Amazon and Instacart Workers Are Striking For Better Coronavirus Protections

People who make deliveries of necessary supplies have come to be viewed as front-line, “essential” workers during the coronavirus pandemic.

Gerald Bryson, left, join workers at an Amazon fulfillment center in Staten Island, N.Y., protesting conditions in the company's warehouse, Monday March 30, 2020, in New York. | AP Images
Gerald Bryson, left, join workers at an Amazon fulfillment center in Staten Island, N.Y., protesting conditions in the company's warehouse, Monday March 30, 2020, in New York. | AP Images

Workers at Amazon in New York City and grocery delivery service Instacart nationwide went on strike Monday to demand better protection and pay, as they’ve now come to be viewed as  “essential” workers during the coronavirus pandemic.
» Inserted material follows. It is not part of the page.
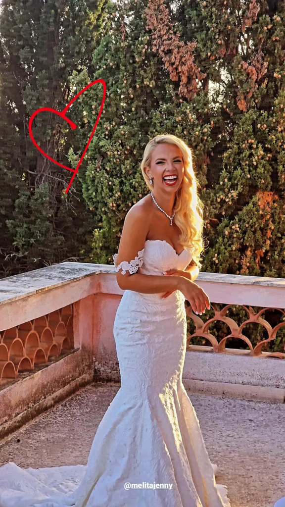 Παρόλα αυτά, πολλοί φίλοι του ζευγαριού δημοσίευσαν τις πρώτες φωτογραφίες από τον γάμο μέσα από τους προσωπικούς τους λογαριασμούς στο Instagram, δίνοντάς μας μία γεύση από το νυφικό που φόρεσε η παρουσιάστρια και από το ξέφρενο party που ακολούθησε. Το νυφικό της Τζένης, ήταν όλο με λεπτομέρεια δαντέλα! Ήταν στράπλες με δαντελένιες λεπτομέρειες που έδεναν λίγο πιο κάτω από τους ώμους, ενώ ο τρόπος με τον οποίο αγκάλιαζε το σώμα της ήταν σε στυλ γοργονέ με μακριά ουρά και ανοιχτή πλάτη.

The demonstrations come as more people across the country are staying home and instead relying on delivery for household necessities, including cleaning products and food, as confirmed COVID-19 cases in the U.S. continue to skyrocket. Some of the workers’ demands include more paid sick time and better precautionary measures to reduce the risk of infection.

The labor strikes also come after Instacart announced plans for mass hiring, and Amazon announced a goal of 100,000 new hires in its warehouses across the U.S. to keep up with rising online order demands. 

Workers at Whole Foods, which is owned by Amazon, have also planned a “sickout” for Tuesday, and their demands include paid sick time and immediate shutdown of any site where a COVID-19 case is confirmed.

“COVID-19 poses a very real threat to the safety of our workforce and our customers,” reads a petition on “We cannot wait for politicians, institutions, or our own management to step in to protect us.”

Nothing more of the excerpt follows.